To interface, the 16×2 character LCD with the N76E003AT20 microcontroller download the library and include the LCD.h and lcd.c files in the N76E003 Keil application project. The display related function given in the library are as follows,
- Initializing the 16×2 LCD
- The command is sent to the 16×2 LCD.
- Writing to the 16×2 LCD
- Enter a string on the 16×2 LCD.
- Print a character, by passing in its hexadecimal value.
- Scroll messages longer than 16 characters.
- Directly print whole numbers to the 16×2 LCD.
The coding of ADC in the N76E003AT20 microcontroller interfacing to read the analog voltage on the AN0 pin is given below.
Code
#include “N76E003.h”
#include “SFR_Macro.h”
#include “Function_define.h”
#include “Common.h”
#include “Delay.h”
#include “lcd.h”
#define bit_to_voltage_ratio 0.001220703125 // 5.0V divided by 4096 For 12-Bit ADC
void setup (void);
unsigned int ADC_read(void);
float voltage;
char str_voltage[20];
void main(void){
int adc_data;
setup();
lcd_com (0x01);
while(1){
lcd_com (0x01);
lcd_com (0x80);
lcd_puts(“ADC Data: “);
adc_data = ADC_read();
lcd_print_number(adc_data);
voltage = adc_data * bit_to_voltage_ratio;
sprintf( str_voltage, “Volt: %0.2fV”, voltage);
lcd_com(0xC0);
lcd_puts(str_voltage);
Timer0_Delay1ms(500);
}
}
void setup (void){
Set_All_GPIO_Quasi_Mode;
lcd_init();
Enable_ADC_AIN0;
lcd_com (0x80);
LCD_ScrollMessage(“Welcome “);
lcd_com (0x80);
lcd_puts(“ADC interfacing”);
lcd_com (0xC0);
lcd_puts (“With N76E003 mcu”);
Timer3_Delay100ms(5);
}
unsigned int ADC_read(void){
register unsigned int adc_value = 0x0000;
clr_ADCF;
set_ADCS;
while(ADCF == 0);
adc_value = ADCRH;
adc_value <<= 4;
adc_value |= ADCRL;
return adc_value;
}
Explanation:
- The Enable_ADC_AIN0 setup function sets the AIN0 input pin of the ADC and configures the registers ADCCON1, ADCCON0 and AINDIDS.
- Then the registers ADCRH and ADCRL will read the ADC value with a resolution of 12-bit.
- Then the bits for 4 times are shifted left and added to the data variable. In its main function, the ADC reads the data and displays it on the LCD screen directly. However, voltages are also converted using voltage ratios or voltage values divided by bit values. A 12-bit ADC provides 4095 bits at an input voltage of 5.0V. (That means 5.0V / 4095 = 0.001221V, a small change by 1 bit is approximately equal to a change by 0.001V).

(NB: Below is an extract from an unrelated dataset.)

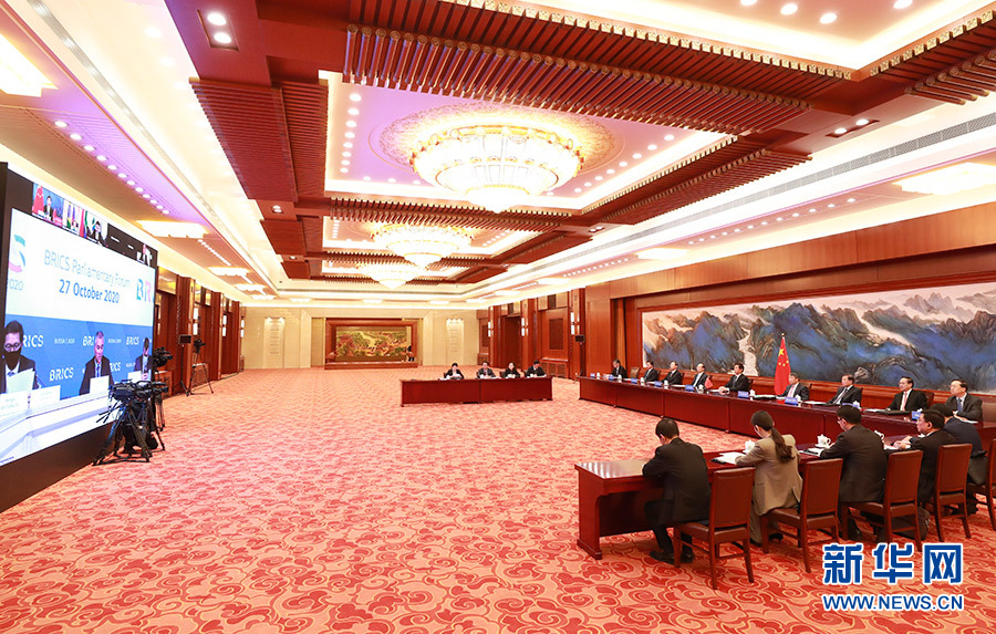10月27日,全國人大常委會委員長栗戰(zhàn)書在北京人民大會堂出席第六屆金磚國家議會論壇視頻會議并發(fā)表講話。 新華社記者 龐興雷 攝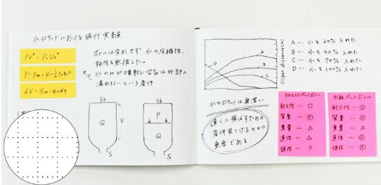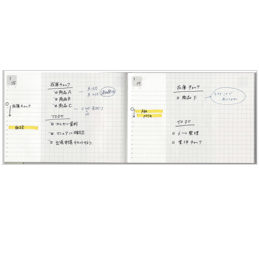 予定管理・メモとしても使える万能フォーマット。左側は、6:00~21:00までのバーチカル、右側は方眼メモスペースとなっています。日付フリーのため、1日1ページという縛りがなく手軽に使えます。

- The function sprintf is used for converting the data from the bit value to the voltage value.
Working:
When the potentiometer POT1 is turned or varied, the voltage applied to the ADC pin (AIN0 pin) also changes. Then the ADC value and the analog voltage value will be displayed on the 16×2 character LCD. In this way, the ADC peripheral in the N76E003AT20 microcontroller interfacing is used to read the analog voltage on the analog channel input pin.
Please refer to this link to know more about N76E003AT20 Microcontroller Datasheet.
Thus, this is all about an overview of the block diagram and programming ADC peripheral of the N76E003AT20 microcontroller. The fault brake in this microcontroller is implemented in fusion with the PWM circuit enhancement used to protect the motor from damage by providing the fault detection input. This MCU is widely used in battery chargers, access control systems, thermostats, Bluetooth speakers, small home appliances, data collection systems, electric meters, motor control, industrial applications, etc. Check the datasheet link given above to understand how to control the Brushless DC motor with the Nuvoton N76003AT20 microcontroller.